5 Tips to Keep Your Limited Company From Going Bankrupt

This is a common question posed by the owners, managers, and directors of distressed businesses that are dealing with persistent creditor pressures. Unfortunately, unless aggressive and proactive action is taken there is little that can be done to stop a creditor from taking you to Court and winding up your company forcefully through a compulsory liquidation or receivership procedure.

The risk of being put out of business is especially high if you owe one or more debts greater than £750 and you've failed to comply with a statutory payment demand that was served to your office address longer than 21 days ago.
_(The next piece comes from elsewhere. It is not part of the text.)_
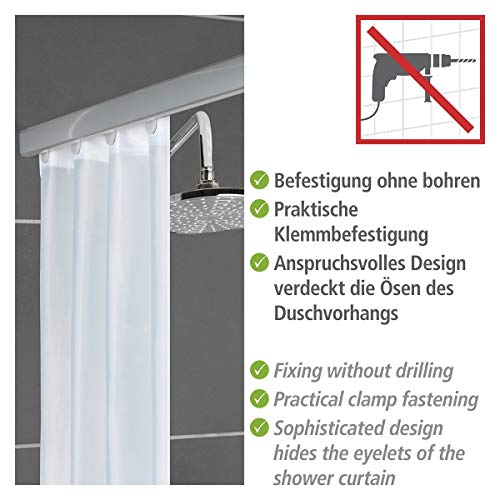 WENKO Teleskop-Duschvorhangschiene Era Chrom, ausziehbare Vorhangschiene aus rostfreiem Aluminium, zur Befestigung von allen Duschvorhängen, Befestigen ohne bohren, 125-210 x 2 x 3,5 cm

Fortunately, if you're willing to heed advice and act with urgency then the following 5 tips could help you stay afloat through financial hardships:

  • Attempt Formal or Informal Negotiations with Creditors
  • Revise Your Budgeting and Accounting Processes
  • Restructure Your Overhead and Payroll Commitments with a CVA
  • Consider Selling Assets Or Using Them As Collateral to Obtain Funding
  • Resort to a Company Administration Procedure to Facilitate a Recovery

1. Attempt Formal or Informal Negotiations with Creditors

First and foremost you need to reduce some of your debt obligations and/or keep creditors satisfied if you want them to show lenience and not take you to Court. One way to do this is to communicate with the creditor independently via email or telephone correspondence and request extended payment deadlines or lower minimum monthly payments.

If creditors are unwilling to accept the revisions you propose then you may want to switch to formal negotiations by having an insolvency practitioner (IP) propose a company voluntary arrangement (CVA) on your behalf. If approved the CVA would give you the revised repayment terms that you're looking for, and as long as you honour those new terms none of the creditors involved in the CVA would be able to take any further legal action against your company.

2. Revise Your Budgeting and Accounting Processes

If you're consistently in a position where you don't have enough money to keep up with financial obligations there may be a flaw in your budgeting or accounting process. Consider taking classes in debt management, budgeting, and accounting, or hire an accountant to conduct a financial review and give you a summary of what the major weaknesses are in your budget. 

Here's a good rule of thumb that will help with your approach to budgeting -- you should be able to plan for the unexpected and expect what you haven't yet planned for. In other words, you should be accounting for every expense with regularity so that you're familiar with every prospective and guaranteed financial obligation that your company will encounter throughout the course of the month.

3. Restructure Your Overhead and Payroll Commitments with a CVA

A company voluntary arrangement (CVA) is a formal binding contract between your company and its creditors, employees, and suppliers, which is most often used to effectively reduce minimum monthly repayment amounts. However, a CVA can also be used to revise or terminate employee or supplier contracts that could be unnecessarily clogging up your payroll and overhead expenditure.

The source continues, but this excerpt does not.